Над степью буянил ветер, он давно уже согнал всю серую небесную муть, и впервые после многодневного дождя солнце воссияло в пустом, чисто вымытом небе. Все кругом блестело ослепительно и беспокойно. На грязную исполосованную колеями дорогу невозможно было смотреть.
— А у вас, я слыхал, все пашут? — спросил Сережка. — Верно или нет?
— Еще конца не видно.
— Это плохо. Земля стынет, семя не принимает. У нас мужики уже отсеялись, колхоз тоже досевает. С тяглом у нас плохо совсем: четыре лошади да шесть пар быков. Нам бы трактор. Это верно, что на нем четыре гектара за день пашут? Я еще и не видывал трактора-то, какой он есть.
Мы шли и разговаривали на хозяйственные темы, причем я старался как можно больше узнать, что уже сделано, сколько засеяли и какой вообще силой, материальной и общественной, располагает колхоз. Но Сережка напирал на будущее. Быстро ответив на мой вопрос, он торопливо и обстоятельно выспрашивал, что практически надо делать в колхозе завтра, и зимой, и на будущий год. И было заметно, что общие ответы его не совсем удовлетворяли.

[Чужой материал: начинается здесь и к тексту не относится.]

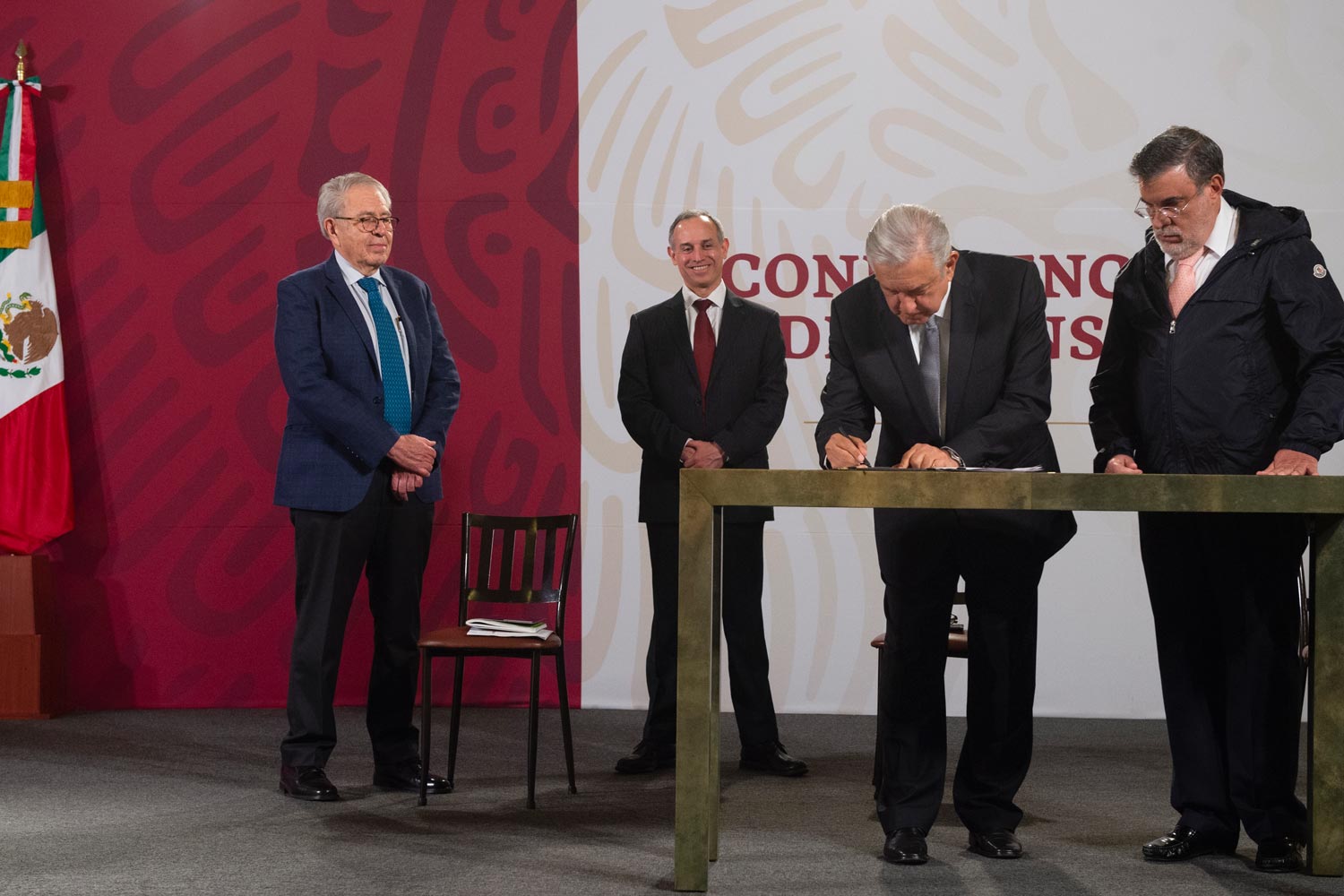Antes de enviarlo al Senado, el presidente firmó el documento en el Salón de la Tesorería, acompañado del secretario de Salud, Jorge Alcocer Varela y del subsecretario de Salud, Hugo López-Gatell Ramírez, quienes antecedieron este acto con la presentación del reporte semanal de avances del control de la epidemia de COVID-19.

По всей видимости, он был младше меня на год, на два, но гораздо степеннее. Я заметил, с какой снисходительностью он посматривал, как я с разбегу перепрыгивал через лужи. Сам он неторопливо их обходил, что замедляло наше продвижение по длинной грязной улице.
— Пичугин в сельсовете? — спросил я.
— А тебе какого? У нас их много, весь вот этот конец — Пичугины. Тут почти все село Дедовы да Пичугины.
Мне нужен был председатель колхоза «КИМ» комсомолец Пичугин.
— Так это я и есть, — просто ответил Сережка.
— Что же ты сразу не сказал? — Я даже остановился.
— А что говорить? Я думал, ты знаешь, раз не спрашиваешь.